The bond of peace is the strongest bond in the cosmos and yet it is also quite fragile. It is as strong as the sovereign love of God and yet it is as vulnerable as the brokenness of people. On the one hand, when it comes to the church Jesus is building—the gates of hell will not prevail against it—and yet when the followers of Jesus engage in permissible behavior that causes one another to stumble in their faith it can create a crisis of New Testament proportions. In first-century Rome, it came down to what they were having for supper. 

From the first century to the twenty-first century, relational conflict within the church is a given. That’s not the issue. It all comes down to how we handle one another in the midst of it. In many ways, the history of the church is a history of conflict. Sometimes, especially when it comes to non-essential matters, the conflicts can be worked out and communities can reconcile. At other times, when the issues are entwined with more essential concerns, reconciliation may not be possible. Reconciliation or not, the peace of Jesus Christ is always available in our relationships. And it is imperative we make every effort to avail ourselves of this very costly peace. Remember, our relationships are the mission, regardless of the outcome. Peace can be made in the wake of the worst irreconcilable differences. Depart throwing roses; never rocks. 

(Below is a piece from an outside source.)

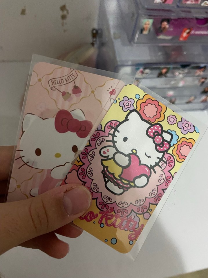 Pastel pembemsi Hello Kitty not defteri, üzerine 'HELLO' yazısı ve sevimli çizimlerle süslenmiştir.
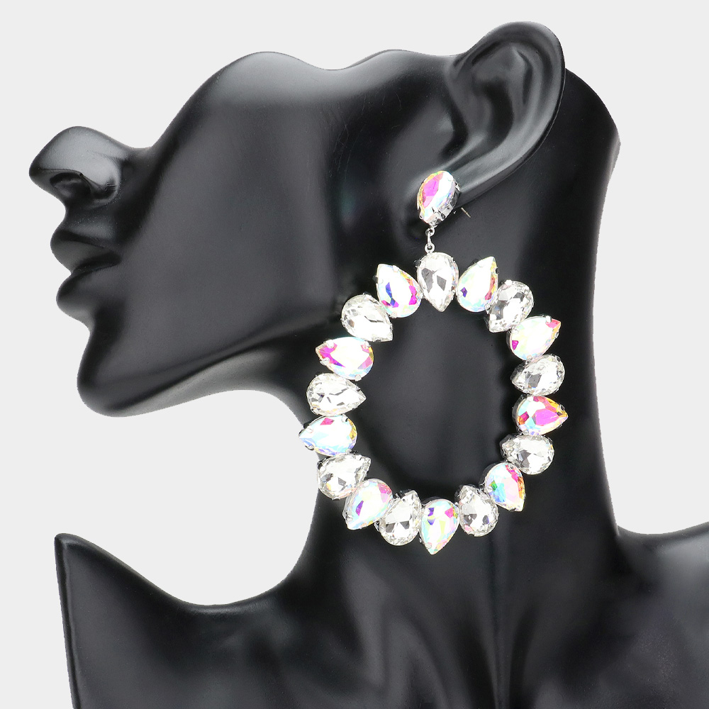 Teardrop Glass Crystal Open Circle Evening Earrings

In the third stanza of the magisterial hymn, “The Church’s One Foundation,” we get these words:

Tho’ with a scornful wonder,
we see her sore oppressed,
by schisms rent asunder,
by heresies distressed,
yet saints their watch are keeping,
their cry goes up, “How long?”
And soon the night of weeping
shall be the morn of song.

Let’s be clear. Our broken relationships within the church grieve the Holy Spirit and it may compromise the witness of Jesus through his church, but it neither disrupts nor disturbs the unity of the triune God. The God and Father of our Lord Jesus Christ plays the long game. He has waited out many a hard-hearted bishop, suffered both necessary and needless schisms, made allowance for zealous fools, tolerated obstinate men and women, endured misguided heretics and absurd heresies, and allowed centuries to pass, yet all the while his truth is marching on. He may seem to lose a battle here and there—and even on our watch—but he will win the war.

Indeed, he has already won. 

   

Prayer

Abba Father! Thank you for your son, Jesus, our Lord, who is the Prince of Peace. Keep us near the cross, day by day, hour by hour. Impress on us by your Spirit the importance of our relationships inside of the church. Holy Spirit, would you fill us with the love of God for one another; the love that is full of mercy and grace, that gives the benefit of the doubt, that forgives and makes peace, even when it is hard? Too much is at stake. Make our relationships places of your revelation. Make our relationships places where your mission of winning the world is accomplished. Praying in Jesus’s name, amen.